Luie evaluatie

Uit Wikipedia, de vrije encyclopedie

In programmeertalen is luie evaluatie (in het Engels: lazy evaluation) een evaluatie-strategie. Het wordt soms ook Call-by-need genoemd. Het idee is dat een uitdrukking pas geëvalueerd wordt wanneer ze daadwerkelijk nodig is. Voorbeelden van programmeertalen die een luie evaluatie hanteren zijn Haskell en Scala.

Overzicht[bewerken | brontekst bewerken]

De voordelen van luie evaluatie zijn: verbeterde prestaties door het vermijden van overbodige berekeningen, het vermijden van foutieve situaties in gecombineerde expressies en de mogelijkheid om om te gaan met oneindige datastructuren. Ook is het mogelijk controlestructuren als functies te definiëren in plaats van ingebouwde structuren.

Programmeertalen die gebruikmaken van luie evaluatie kunnen verder onderverdeeld worden in talen die een call-by-name of een call-by-need-evaluatiestrategie gebruiken. De meeste luie programmeertalen, zoals Haskell, maken gebruik van een call-by-needstrategie omwille van de snelheid maar bij theoretische berekeningen met luie evaluatie gebruikt men call-by-name omwille van de eenvoud.

Het tegenovergestelde van luie evaluatie is strikte evaluatie (in het Engels: strict evaluation).

Voorbeelden[bewerken | brontekst bewerken]

Oneindige lijsten[bewerken | brontekst bewerken]

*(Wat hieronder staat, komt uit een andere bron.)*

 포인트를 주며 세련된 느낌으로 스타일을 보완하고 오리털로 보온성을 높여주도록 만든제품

Een voorbeeld van luie evaluatie in Haskell waarbij gebruik wordt gemaakt van een oneindige lijst:

takeWhile (<10) (map (+1) [1..])

De notatie [1..] geeft een oneindige lijst van gehele getallen vanaf 1. Het opbouwen van deze oneindige lijst is niet mogelijk in talen met strikte evaluatie maar door luie evalutie is het wel mogelijk er berekeningen mee uit te voeren. De hogere-ordefunctie map past een functie toe op alle elementen in een lijst (in dit geval wordt bij elk element in de oneindige lijst één opgeteld). De functie takeWhile neemt elementen van het begin van een lijst zolang een bepaalde voorwaarde geldt (in dit geval zolang de elementen kleiner zijn dan 10).

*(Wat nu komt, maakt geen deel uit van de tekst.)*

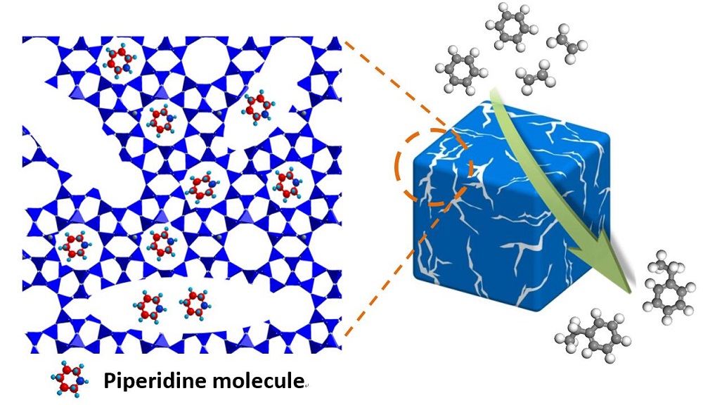 Hierarchical ZSM-5 zeolite with radial mesopores is controllably synthesized using piperidine in a NaOH solution. The piperidine molecules enter the zeolite micropores and protect the zeolite framework from extensive desilication. The areas containing fewer aluminum atoms contain fewer piperidine protectant molecules and so they dissolve first. Small amounts of mesopores are then gradually generated in areas with more aluminum atoms and more piperidine protectant. In this manner, radial mesopores are formed in the ZSM-5 zeolite with a maximal preservation of the micropores and active sites. The optimal hierarchical ZSM-5 zeolite, prepared with a molar ratio of piperidine to zeolite of 0.03, had a mesopore surface area of 136 m2·g−1 and a solid yield of 80%. The incorporation of the radial mesopores results in micropores that are interconnected which shortened the average diffusion path length. Compared to the parent zeolite, the hierarchical ZSM-5 zeolite possesses more accessible acid sites and has a higher catalytic activity and a longer lifetime for the alkylation of benzene.

Door luie evaluatie zal eerst het eerste element van de lijst berekend worden door één keer de functie (+1) toe te passen op het eerste element van de lijst (1). Als deze (1+1 = 2) aan de voorwaarde "kleiner dan 10" voldoet dan zal het volgende element berekend worden. Op deze wijze wordt een nieuw element van de oneindige lijst pas berekend als het echt nodig is voor het antwoord. Wanneer de voorwaarde niet meer geldt, wordt de rest van de lijst ook niet meer uitgerekend.

Rij van Fibonacci[bewerken | brontekst bewerken]

Door luie evaluatie is het mogelijk om de lijst met Fibonaccigetallen als volgt te definiëren (met behulp van corecursie):

fibs = 0 : 1 : zipWith (+) fibs (tail fibs)

waarbij : een functie is om een element op kop van een lijst te zetten, tail een functie om de gehele lijst behalve het eerste element te verkrijgen en zipWith een functie om twee lijsten met elkaar te verbinden met behulp van een andere functie (de plus-operator in dit geval). Deze aanpak wordt in lineaire tijd uitgevoerd.